→ DATA TO PROCESS:
+ + + +

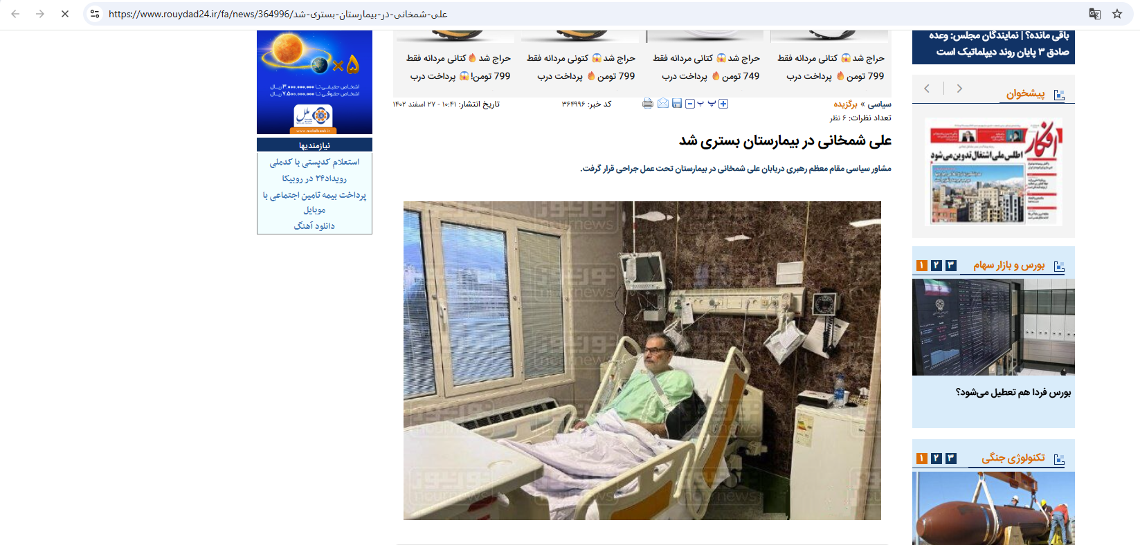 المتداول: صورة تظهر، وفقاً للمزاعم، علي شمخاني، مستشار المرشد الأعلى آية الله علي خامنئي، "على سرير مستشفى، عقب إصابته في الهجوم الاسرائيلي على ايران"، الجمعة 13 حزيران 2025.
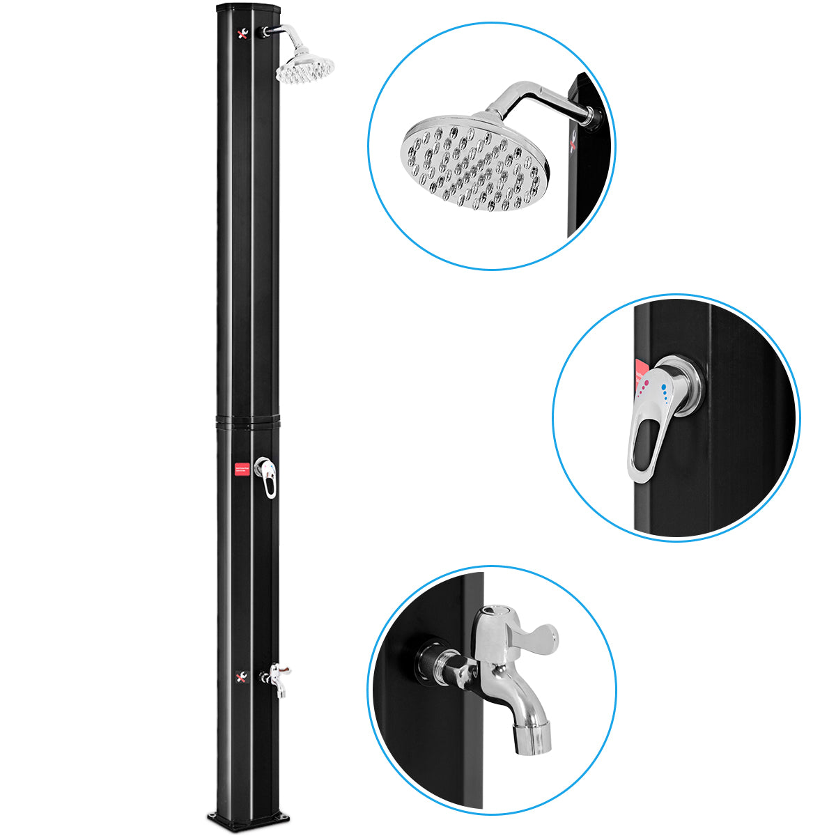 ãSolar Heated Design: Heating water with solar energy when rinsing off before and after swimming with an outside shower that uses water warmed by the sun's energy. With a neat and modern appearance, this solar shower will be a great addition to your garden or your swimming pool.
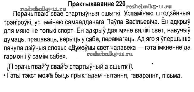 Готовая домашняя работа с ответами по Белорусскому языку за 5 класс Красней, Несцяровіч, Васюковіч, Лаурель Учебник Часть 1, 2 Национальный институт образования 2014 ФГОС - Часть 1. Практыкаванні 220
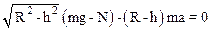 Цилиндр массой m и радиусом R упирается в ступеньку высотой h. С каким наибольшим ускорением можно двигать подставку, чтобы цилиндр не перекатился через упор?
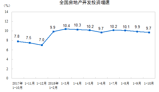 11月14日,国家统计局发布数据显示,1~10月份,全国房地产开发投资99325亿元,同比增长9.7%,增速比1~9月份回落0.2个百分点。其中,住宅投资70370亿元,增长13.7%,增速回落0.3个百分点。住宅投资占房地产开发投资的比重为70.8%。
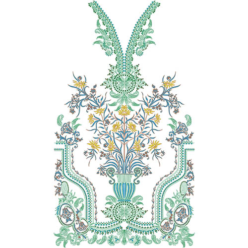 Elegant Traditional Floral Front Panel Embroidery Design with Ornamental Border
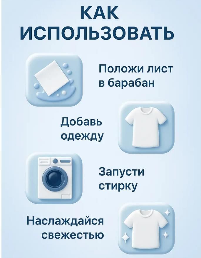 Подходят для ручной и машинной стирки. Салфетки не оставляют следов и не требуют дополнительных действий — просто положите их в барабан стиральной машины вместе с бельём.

+ + + +

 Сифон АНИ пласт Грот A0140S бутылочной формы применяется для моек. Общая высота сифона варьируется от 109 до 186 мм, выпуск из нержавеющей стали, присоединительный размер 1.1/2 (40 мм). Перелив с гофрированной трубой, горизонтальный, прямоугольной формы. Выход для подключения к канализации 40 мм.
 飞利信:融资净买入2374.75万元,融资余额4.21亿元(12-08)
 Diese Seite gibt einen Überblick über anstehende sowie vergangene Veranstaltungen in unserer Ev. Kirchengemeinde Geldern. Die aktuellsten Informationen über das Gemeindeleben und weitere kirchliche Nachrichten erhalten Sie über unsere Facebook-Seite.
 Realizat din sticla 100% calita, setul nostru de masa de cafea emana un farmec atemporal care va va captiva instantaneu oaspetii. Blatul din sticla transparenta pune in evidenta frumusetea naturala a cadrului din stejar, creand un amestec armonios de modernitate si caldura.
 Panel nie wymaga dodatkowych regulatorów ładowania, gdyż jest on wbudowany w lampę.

+ + + +

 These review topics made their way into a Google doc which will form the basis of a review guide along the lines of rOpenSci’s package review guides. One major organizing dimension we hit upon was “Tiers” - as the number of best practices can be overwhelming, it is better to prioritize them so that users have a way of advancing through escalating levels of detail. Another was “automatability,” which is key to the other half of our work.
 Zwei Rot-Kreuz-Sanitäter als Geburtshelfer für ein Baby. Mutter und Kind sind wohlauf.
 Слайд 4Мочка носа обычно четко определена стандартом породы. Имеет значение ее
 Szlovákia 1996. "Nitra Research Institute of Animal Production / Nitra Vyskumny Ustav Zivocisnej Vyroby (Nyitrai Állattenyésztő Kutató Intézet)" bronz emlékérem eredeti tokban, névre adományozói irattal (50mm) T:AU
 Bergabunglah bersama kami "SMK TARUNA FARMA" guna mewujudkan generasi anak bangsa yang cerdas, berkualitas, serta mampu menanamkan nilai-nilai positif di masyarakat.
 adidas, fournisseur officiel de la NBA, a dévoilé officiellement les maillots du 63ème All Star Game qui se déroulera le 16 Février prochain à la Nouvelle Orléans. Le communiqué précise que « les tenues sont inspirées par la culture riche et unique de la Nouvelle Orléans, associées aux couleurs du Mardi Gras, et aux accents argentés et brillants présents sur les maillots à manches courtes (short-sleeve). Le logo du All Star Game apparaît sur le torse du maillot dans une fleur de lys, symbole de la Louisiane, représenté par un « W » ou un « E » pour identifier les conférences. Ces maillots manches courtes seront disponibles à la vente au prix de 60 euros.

+ + + +

→ ACTIVITY: Looking at the listing above, which lines run from the one containing "المتداول: صورة تظهر،" through the one containing "ãSolar Heated Design: Heating"? Print exactly those, ends included, pictures excluded.

→ SOLUTION FOR THIS EXERCISE:
 المتداول: صورة تظهر، وفقاً للمزاعم، علي شمخاني، مستشار المرشد الأعلى آية الله علي خامنئي، "على سرير مستشفى، عقب إصابته في الهجوم الاسرائيلي على ايران"، الجمعة 13 حزيران 2025.
 ãSolar Heated Design: Heating water with solar energy when rinsing off before and after swimming with an outside shower that uses water warmed by the sun's energy. With a neat and modern appearance, this solar shower will be a great addition to your garden or your swimming pool.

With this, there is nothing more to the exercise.